Let’s load the houseprice data.
For this practice, I will use the houseprices dataset. This dataset includes the following:
The floor area
price
the number of bedrooms
for a sample of houses sold in Aranda in 1999. Aranda is a suburb of Canberra, Australia.
list.of.packages <- c("Stat2Data", "datasets", "boot", "HistData")
new.packages <- list.of.packages[!(list.of.packages %in% installed.packages()[,"Package"])]
if(length(new.packages)) install.packages(new.packages)
library(HistData)
library(Stat2Data)
houseprices <- read.csv("houseprices.csv")
dim(houseprices)
## [1] 15 3
This dataset is at the house level (1 observation = 1 house) The dataset has 15 observations and 3 variables.
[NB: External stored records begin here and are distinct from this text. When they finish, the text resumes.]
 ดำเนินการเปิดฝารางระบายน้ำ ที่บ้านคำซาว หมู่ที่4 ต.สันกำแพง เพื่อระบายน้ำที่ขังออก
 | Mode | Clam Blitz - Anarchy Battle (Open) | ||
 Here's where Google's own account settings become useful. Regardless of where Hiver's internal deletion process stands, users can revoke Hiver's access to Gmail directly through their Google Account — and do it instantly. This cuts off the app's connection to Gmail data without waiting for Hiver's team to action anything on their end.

I used R code to compute this and display it inline (i.e. calling dim(houseprices)[.]), but in case you don’t believe these numbers, you can prove it with an str statement.
str(houseprices)
## 'data.frame': 15 obs. of 3 variables:
## $ area : int 694 905 802 1366 716 963 821 714 1018 887 ...
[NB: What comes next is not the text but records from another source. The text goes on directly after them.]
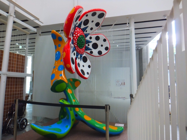 1階は無料なので、展示されている作品は観覧自由。写真撮影も可能でした。展示作品は現代アートがメイン。ドットかぼちゃで有名な草間彌生さんの作品も展示しています。
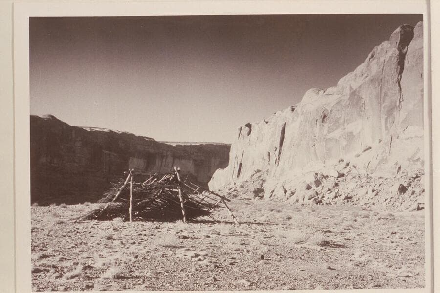 Wreck of pole and brush miners' cabin; Mile 108, left bank, Glen Canyon. Down river from Schock Cabin
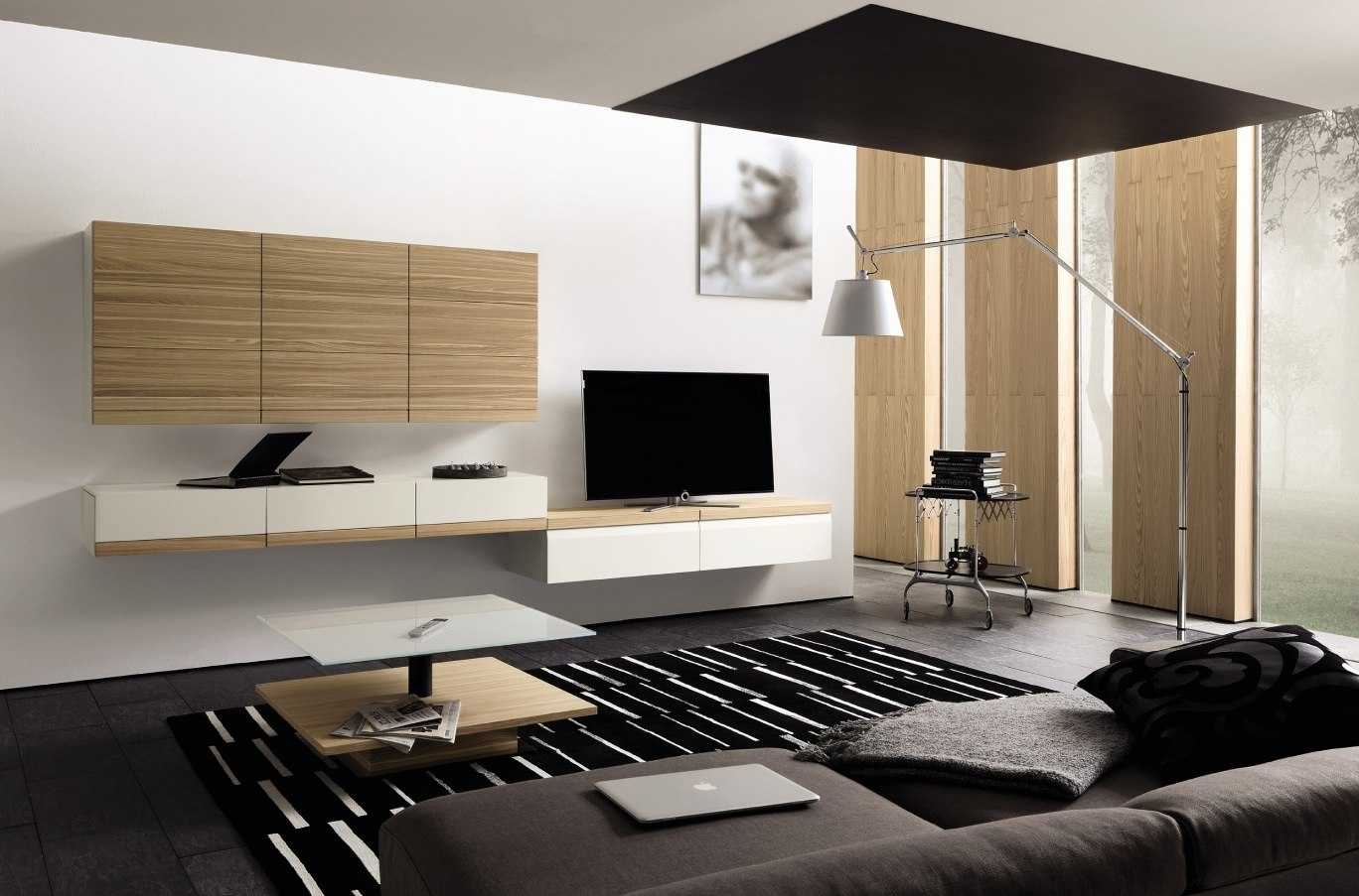 Современные стенки отличаются от старых бабушкиных гарнитуров и планировкой, и наполнением. По сути, это лаконичные блочные конструкции, которые можно компоновать на свое усмотрение. Например, совмести тумбу под телевизор с открытыми полками, закрытыми модулями и несколькими узкими пеналами.

## $ bedrooms : int 4 4 4 4 4 4 4 4 4 4 ...
## $ sale.price: num 192 215 215 274 113 ...
As shown in the above table, thes dataset is perfectly equipped to examine the determinants of house prices, making it a very strong piece of research.
summary(houseprices)
## area bedrooms sale.price
## Min. : 694.0 Min. :4.000 Min. :112.7
## 1st Qu.: 743.5 1st Qu.:4.000 1st Qu.:213.5
## Median : 821.0 Median :4.000 Median :221.5
## Mean : 889.3 Mean :4.333 Mean :237.7
## 3rd Qu.: 984.5 3rd Qu.:4.500 3rd Qu.:267.0
## Max. :1366.0 Max. :6.000 Max. :375.0
I use inline r syntax to compute min, median, and max of “sale.price”
Here’s a pairs plot of the data.
pairs(houseprices)
Here’s a regression model of sale price on area and bedrooms.
fit<- lm(sale.price ~ area + bedrooms, data = houseprices)
summary(fit)
##
## Call:
## lm(formula = sale.price ~ area + bedrooms, data = houseprices)
##
## Residuals:
## Min 1Q Median 3Q Max
## -80.897 -4.247 1.539 13.249 42.027
##
## Coefficients:
## Estimate Std. Error t value Pr(>|t|)
## (Intercept) -141.76132 67.87204 -2.089 0.05872 .
## area 0.14255 0.04697 3.035 0.01038 *
## bedrooms 58.32375 14.75962 3.952 0.00192 **
## ---
## Signif. codes: 0 '***' 0.001 '**' 0.01 '*' 0.05 '.' 0.1 ' ' 1
##
## Residual standard error: 33.06 on 12 degrees of freedom
## Multiple R-squared: 0.731, Adjusted R-squared: 0.6861
## F-statistic: 16.3 on 2 and 12 DF, p-value: 0.0003792
Both the number of bedrooms and the floor area are statistically significant at 1% and 5% level, respectively.